Before the event started, Shane Mac showed me his latest experiment—Convos. This app, also based on XMTP, shows that crypto's interoperability isn't limited to financial services but can extend to the communication tools people use daily. Convos uses cryptographic techniques to provide an experience that requires no registration, phone number, history, or tracking. And, of course, it also completely avoids relying on centralized servers.
The selling point here is that this could be the first truly "traceless" messaging app. In a world where every Slack message and email is permanently stored, conversations that truly disappear are becoming the ultimate luxury. I imagine the earliest users might be investigative journalists, but the broader vision is to reset private conversation as the default mode of human interaction, not a suspicious exception.

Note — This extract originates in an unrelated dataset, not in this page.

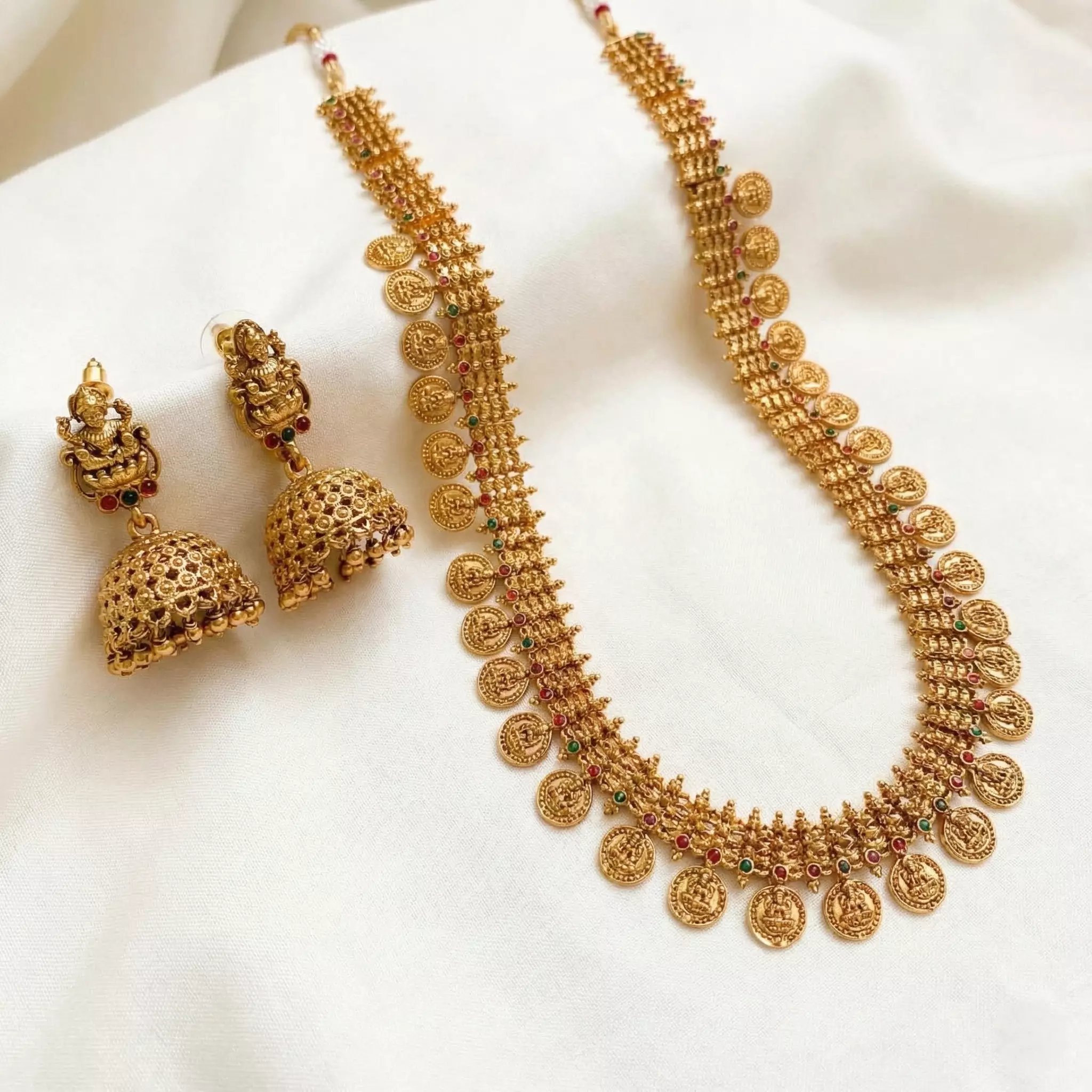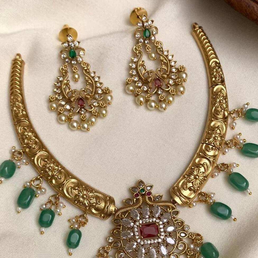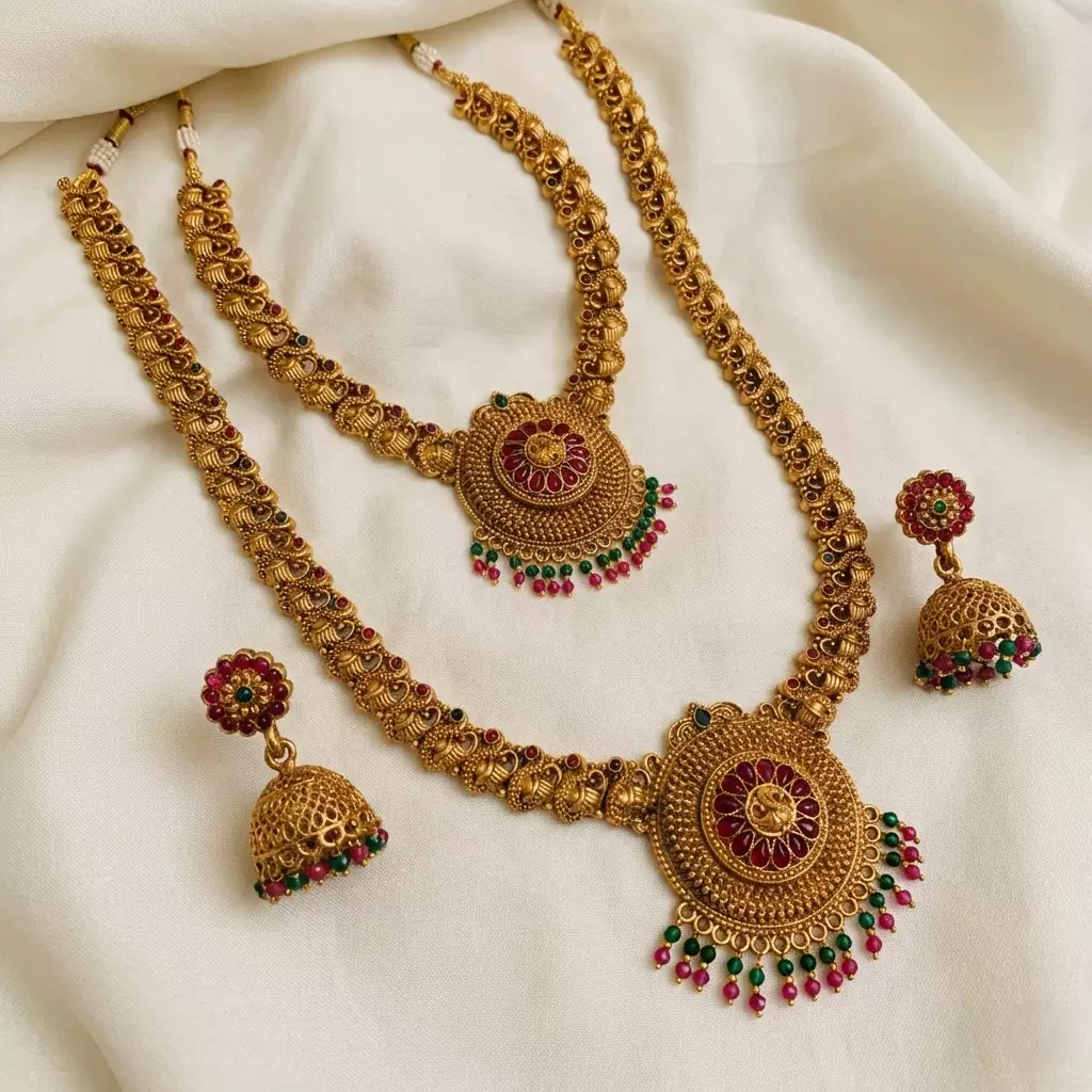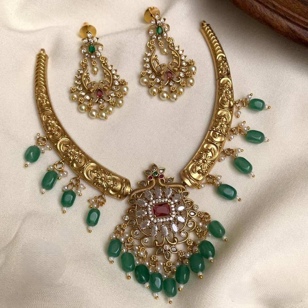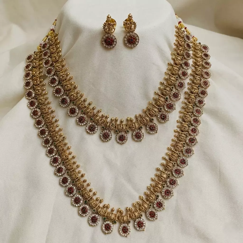 Paired with matching earrings, this set is perfect for bridal wear, festive celebrations, and special occasions.

Overall, although these experiments are still in their early stages, the trajectory is clear. Crypto infrastructure is finally starting to catch up to its initial declarations. Everything the crypto enthusiasts envisioned a decade ago is slowly becoming "boring" enough to be practical, and this is happening at a critical moment. As AI accelerates, the ability to use cryptography to verify truth is no longer just a philosophical hobby for cypherpunks, but an indispensable infrastructure for the entire digital economy.